Does the program provide information that serves the interests of financial institutions or companies, or does the information serve a different purpose? The program only serves students, their families and schools.

How do participants benefit from the messages in the materials? How might participants change their behaviour as a result of the program?  To what extent does this behaviour change benefit the vendor? Thinking before buying is an incredibly effective, immediate and long-term, “disappointment avoidance tool”. If Gifting Sense succeeds in its mission of getting today’s school-aged children ready for all the personal finance decisions that lie in their future, tomorrow’s young adults will never lament that “no one ever taught them about money”. We lay the foundation for children to become comfortable with basic financial jargon and concepts, which allows them to confidently seek out the more sophisticated financial information they will require later in life when it can be helpful.

The only way the program benefits Gifting Sense is that it helps us deliver the difference we want to make. What’s the adage? “Be the change you want to see.” 

What are the advertised benefits of the program? Have these been proven? The advertised benefits of the program are that it brings financial literacy to life for students in a way that is relevant to them and so much more helpful to developing a positive money story than say a lesson on mortgages – twenty years before you need one. The knowledge children acquire in workshop is fundamental, but because it is centred around helping them assess, compare and categorize purchase(s) they personally are considering making or asking for, it is engaging. When are kids really interested in learning about money? When they want some!

See the testimonials listed at the bottom of our home page to assess if our claims have been substantiated.

Have the materials been evaluated by an independent reviewer? Our barrier-free structure makes it difficult to more than empirically measure how many children are money-smarter as a result of our work. That said, parents, educators, personal finance authors and experts regularly speak highly of our platform and tools. And most importantly, kids tell us all the time “…you explained that so well…”, or “…I just never thought of it that way…”. Our advertising is “word of mouth”.

We have given workshops (via Zoom since the Spring of 2020) across Canada and the United States, as well as in Argentina, Mexico, and Sweden! The list grows every week. Workshops are typically delivered in schools or community centres, but also recently through Outschool, where we have been able to work with home-schooled learners.
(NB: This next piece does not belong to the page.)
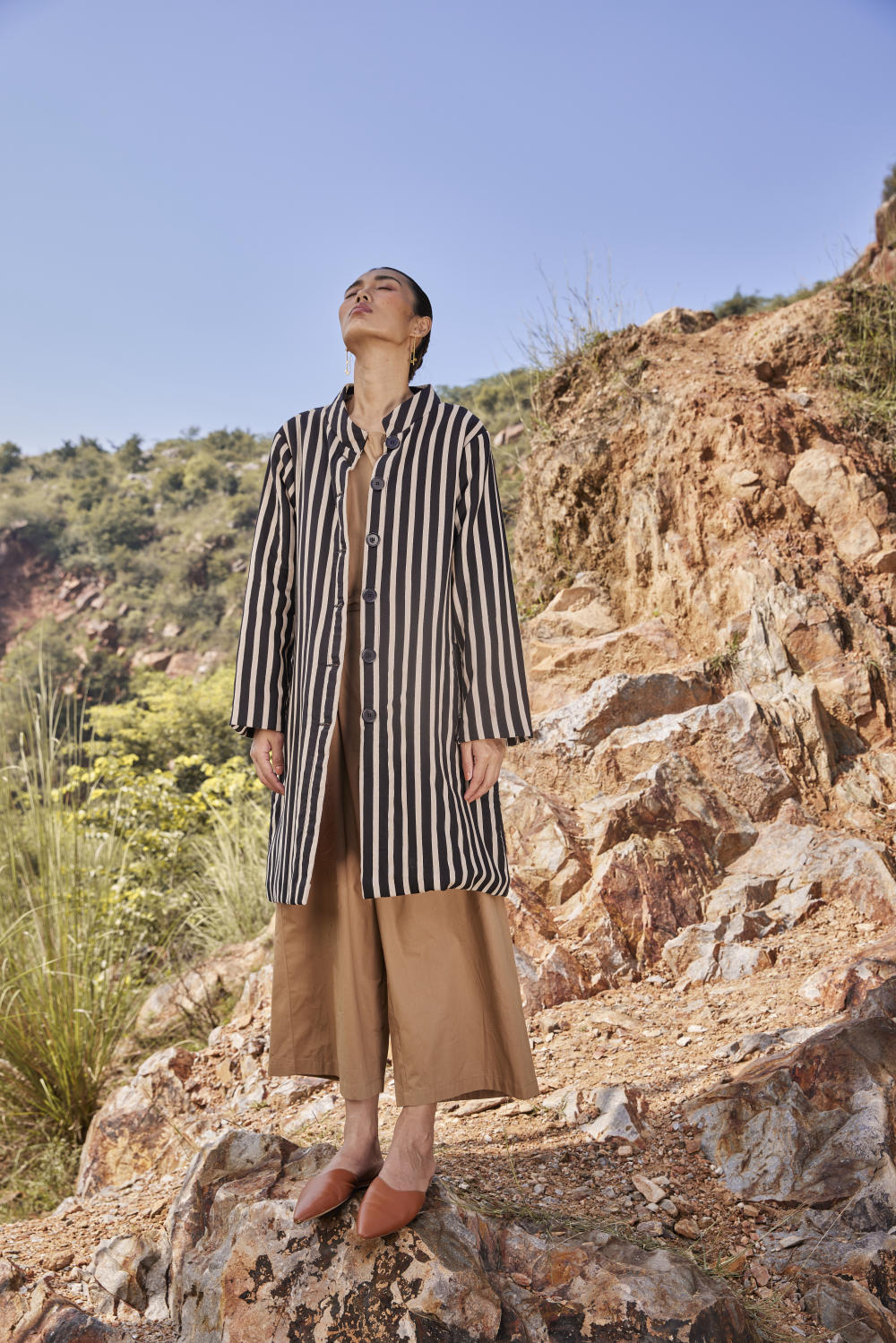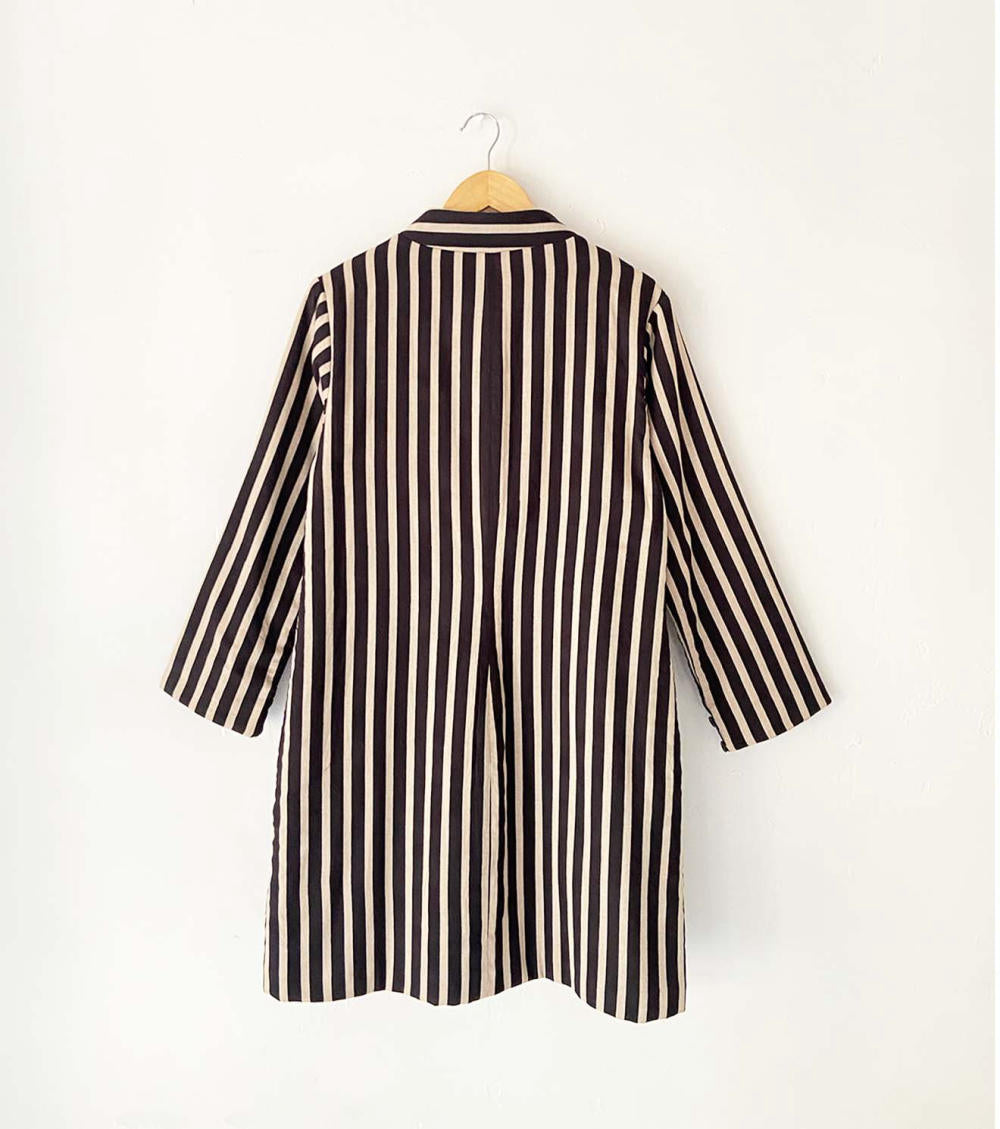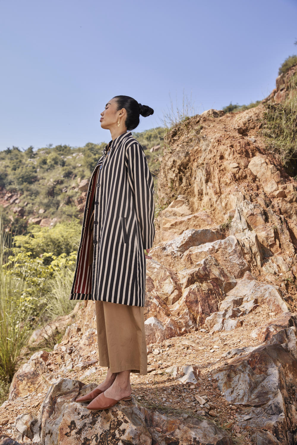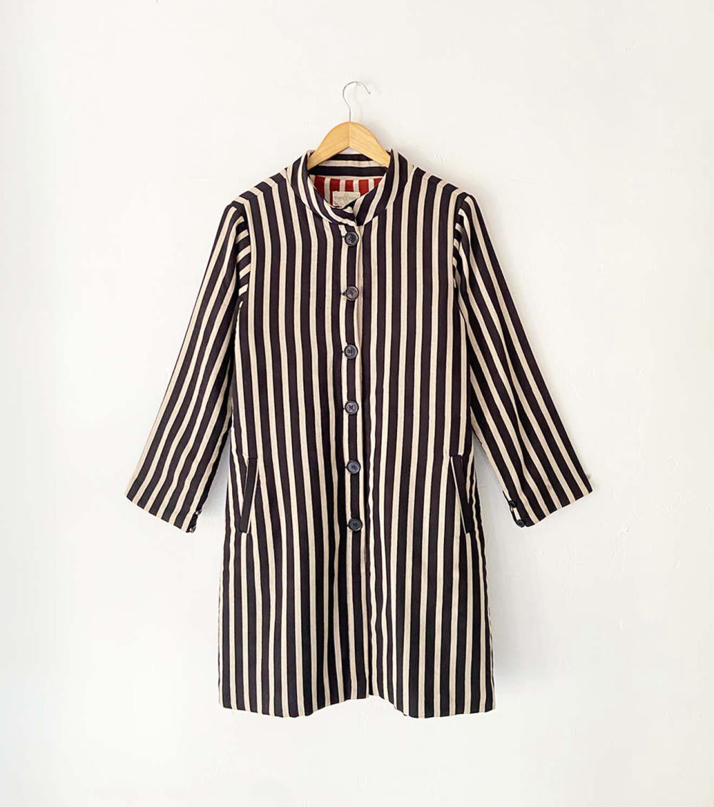 A knee length handcrafted black and white stripe jacket made in cotton with warm sandwich fabric. It has front opening and two slash pockets. This timeless and versatile outerwear comes with a red and white stripe contrast fabric which is perfect for the cozy days.

We would love the University of Chicago’s Financial Education Initiative to assess our approach themselves. We only want to get better at what we are doing and feel confident their assessment would uncover ways we could do just that.

Have the materials been found to be objective? Yes. Take thinking before buying for a test drive and see for yourself.

Do the materials only provide partial information? Our focus is on wise-spending but in the following context: Personal finances are no different than team sports, to “win” you have to be both offensive (earn) and defensive (spend wisely). Most adults know they should spend less than they make and then ideally invest the surplus. The struggle is how to do that, live in a way that allows us to create an investable surplus at almost any income level. But we are lucky because life is already structured with all sorts of natural opportunities to learn wise spending habits long before we become adult income earners.

Who among us wasn’t ever asked as a child what they might like to receive for an upcoming birthday or holiday gift, how best to spend “back-to-school” dollars, or even just what to have for dinner? Treating these ordinary questions as the natural opportunities they are to give kids wise spending habits shows today’s youth how possible it is to create an investable surplus at almost any income level.

Do the materials deemphasize information that will help students think critically about certain financial institutions, companies, or products? The opposite. Our workshops, tools and process show how easy and important it is to quickly, but not arbitrarily, assess a possible purchase in time to assure it makes sense for the buyer and their family.